Wonky civil procedure decision today (that is, Republicans filed in state courts and would have preferred to stay there; the board removed to federal court and wanted to stay there) in RNC v. N.C. State Bd. of Elections (lightly revised):
The Republican National Committee (“RNC”) and the North Carolina Republican Party (“NCGOP”) (together, “Plaintiffs”) filed two state law claims, one statutory and one constitutional, in a North Carolina superior court against the North Carolina State Board of Elections and its members (“State Board”). Both claims stemmed from the State Board’s alleged noncompliance with the Help America Vote Act of 2002 (“HAVA”), 52 U.S.C. § 20901 et seq., a federal statute that was intended to improve voting systems and voter access. . . .
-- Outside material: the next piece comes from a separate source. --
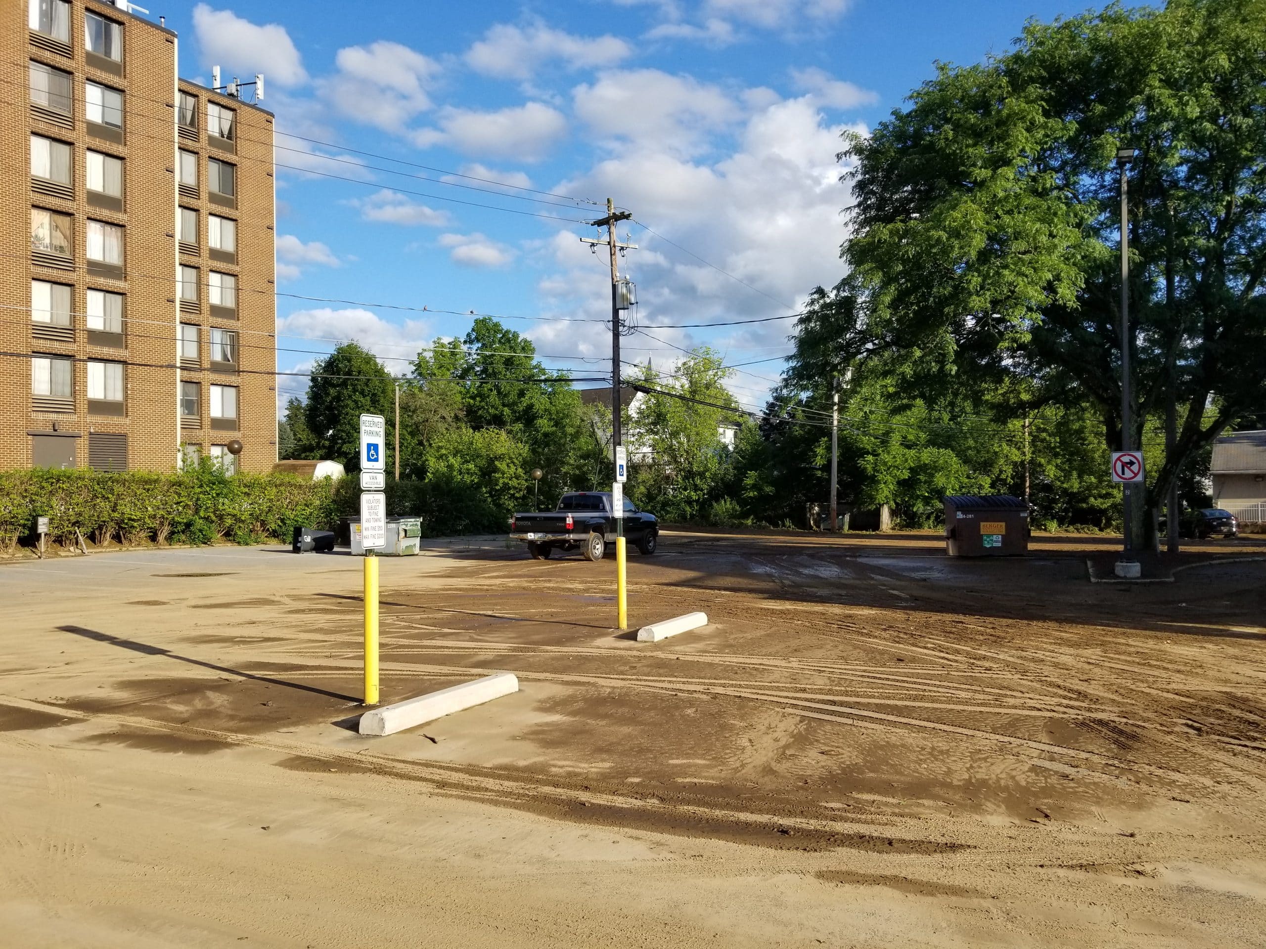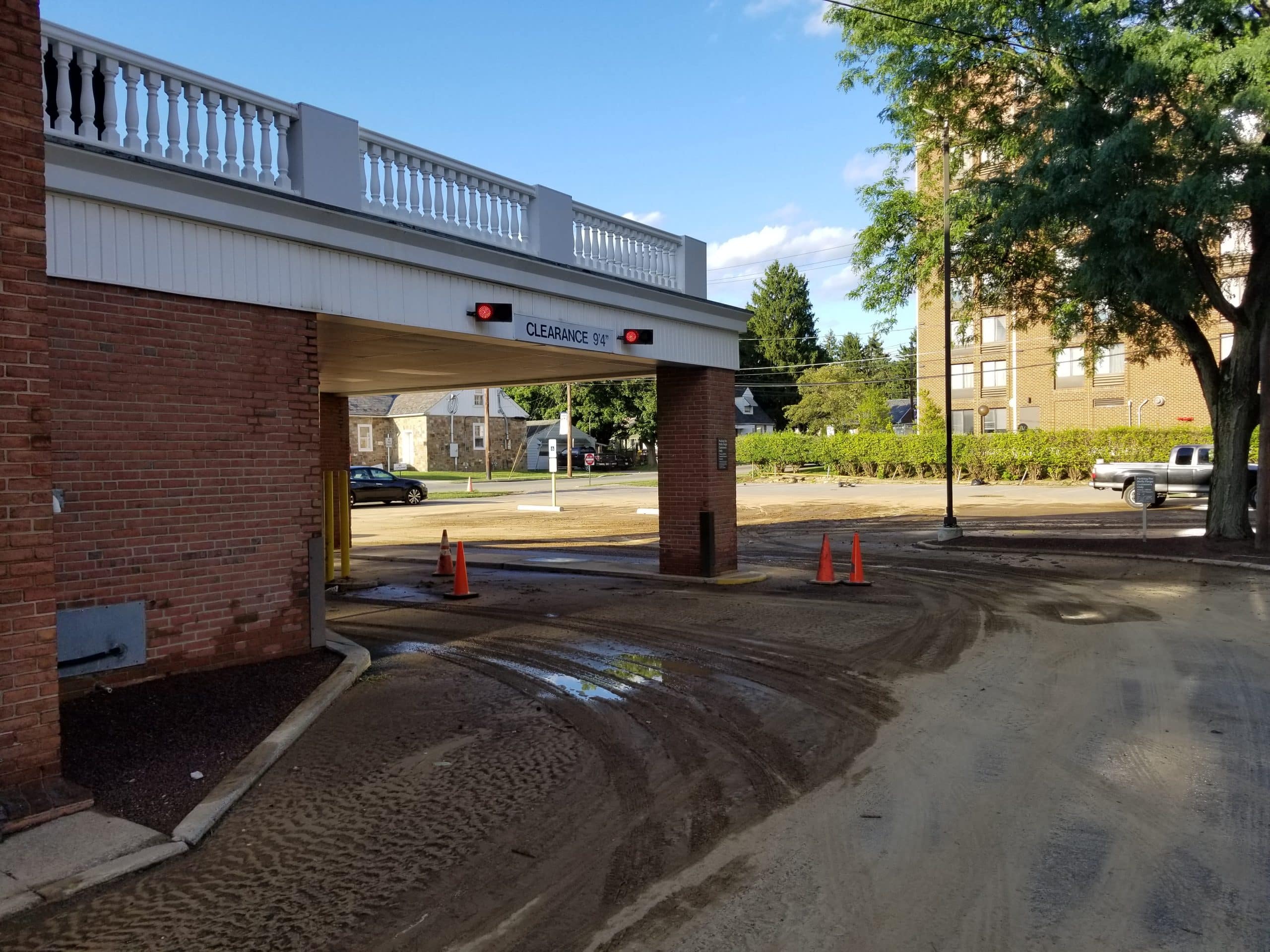 The muddy parking lot behind St. Paul UMC in Hellertown was a floodwater-filled lake just hours earlier.

Count Two asserts that the State Board violated the Equal Protection Clause of the North
Carolina Constitution, Article 1 § 19, through HAVA violations that “open[ed] the door to
potential” vote dilution. . . .We disagree with the district court’s conclusion that exercising federal jurisdiction over Count Two would open the floodgates to a wave of state constitutional litigation in federal court. Just as Grable found that “it will be the rare state title case that raises a contested matter of federal law,” we conclude that it will be the rare state equal protection case that turns on a violation of HAVA or the NVRA. In fact, we are aware of no other state constitutional case similar to this one, and Plaintiffs have pointed to none.
Plaintiffs’ Count Two claim may come cloaked in state constitutional garb, but it raises only federal statutory questions. Here, the alleged state constitutional claim necessarily turns on the contested interpretation of provisions of federal laws, HAVA and the NVRA. The viability of the state constitutional claim depends, therefore, on a court’s adopting Plaintiffs’ preferred reading of two federal statutes.
As the district court recognized, consideration of HAVA’s overall statutory scheme “leads to the conclusion that Congress intended for federal courts to resolve core questions of statutory interpretation.” HAVA authorizes the Attorney General to enforce compliance with its requirements “in an appropriate United States District Court.” HAVA § 21111 (emphasis added). We are confident that Congress did not intend to prevent federal courts from deciding cases where the sole issue, the interpretation of a federal statute, may determine who can vote in a federal election. The mere invocation of a state constitutional provision does not unsettle that conclusion.
Chief Judge Diaz concurred to explain why the RNC “barely” met the standing requirement in federal court, citing, among other things, FDA v. AHM.